WHAT YOU NEED TO DO
Pictures excluded, reproduce exactly the lines below from the one with "Dolphin Seahorse Fish" through the one with "उप राष्ट्रपति धनखड़", both included.

DATASET EXCERPTS

--*--

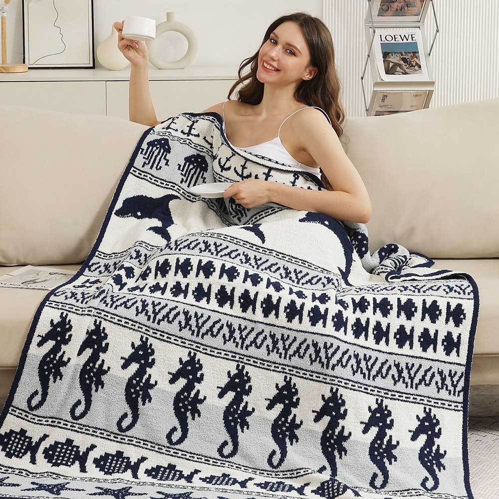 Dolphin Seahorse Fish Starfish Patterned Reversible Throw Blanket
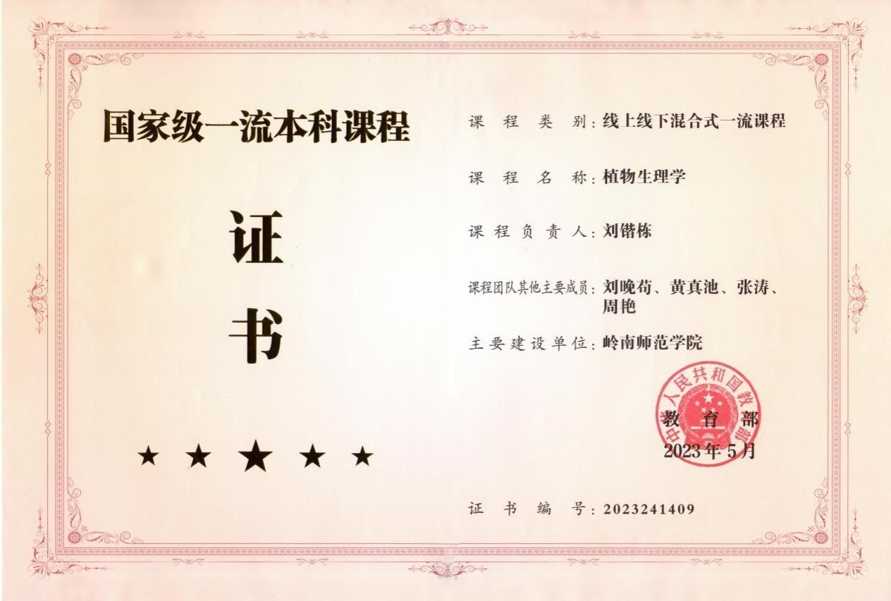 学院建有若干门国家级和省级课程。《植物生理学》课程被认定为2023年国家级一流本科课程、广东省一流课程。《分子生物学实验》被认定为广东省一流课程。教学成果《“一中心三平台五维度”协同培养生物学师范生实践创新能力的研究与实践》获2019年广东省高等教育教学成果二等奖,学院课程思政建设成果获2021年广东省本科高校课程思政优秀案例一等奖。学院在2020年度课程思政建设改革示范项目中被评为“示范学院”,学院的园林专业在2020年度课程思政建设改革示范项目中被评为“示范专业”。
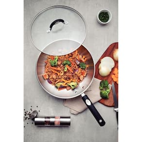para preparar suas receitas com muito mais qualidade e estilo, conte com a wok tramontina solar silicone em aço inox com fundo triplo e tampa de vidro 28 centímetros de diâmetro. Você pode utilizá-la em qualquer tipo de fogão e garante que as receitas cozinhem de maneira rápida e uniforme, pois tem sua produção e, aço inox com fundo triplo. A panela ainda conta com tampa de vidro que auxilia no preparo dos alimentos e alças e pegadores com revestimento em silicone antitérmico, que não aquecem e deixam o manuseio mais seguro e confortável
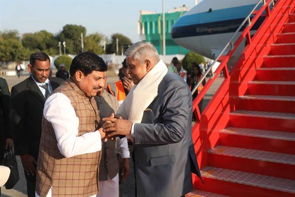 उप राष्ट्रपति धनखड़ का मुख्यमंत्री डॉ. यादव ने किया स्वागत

--*--

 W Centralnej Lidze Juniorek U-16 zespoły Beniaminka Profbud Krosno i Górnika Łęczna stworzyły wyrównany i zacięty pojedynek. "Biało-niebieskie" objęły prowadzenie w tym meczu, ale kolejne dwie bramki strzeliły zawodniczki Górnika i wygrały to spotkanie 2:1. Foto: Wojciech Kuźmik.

--*--

WRITTEN RESPONSE
 Dolphin Seahorse Fish Starfish Patterned Reversible Throw Blanket
 学院建有若干门国家级和省级课程。《植物生理学》课程被认定为2023年国家级一流本科课程、广东省一流课程。《分子生物学实验》被认定为广东省一流课程。教学成果《“一中心三平台五维度”协同培养生物学师范生实践创新能力的研究与实践》获2019年广东省高等教育教学成果二等奖,学院课程思政建设成果获2021年广东省本科高校课程思政优秀案例一等奖。学院在2020年度课程思政建设改革示范项目中被评为“示范学院”,学院的园林专业在2020年度课程思政建设改革示范项目中被评为“示范专业”。
para preparar suas receitas com muito mais qualidade e estilo, conte com a wok tramontina solar silicone em aço inox com fundo triplo e tampa de vidro 28 centímetros de diâmetro. Você pode utilizá-la em qualquer tipo de fogão e garante que as receitas cozinhem de maneira rápida e uniforme, pois tem sua produção e, aço inox com fundo triplo. A panela ainda conta com tampa de vidro que auxilia no preparo dos alimentos e alças e pegadores com revestimento em silicone antitérmico, que não aquecem e deixam o manuseio mais seguro e confortável
 उप राष्ट्रपति धनखड़ का मुख्यमंत्री डॉ. यादव ने किया स्वागत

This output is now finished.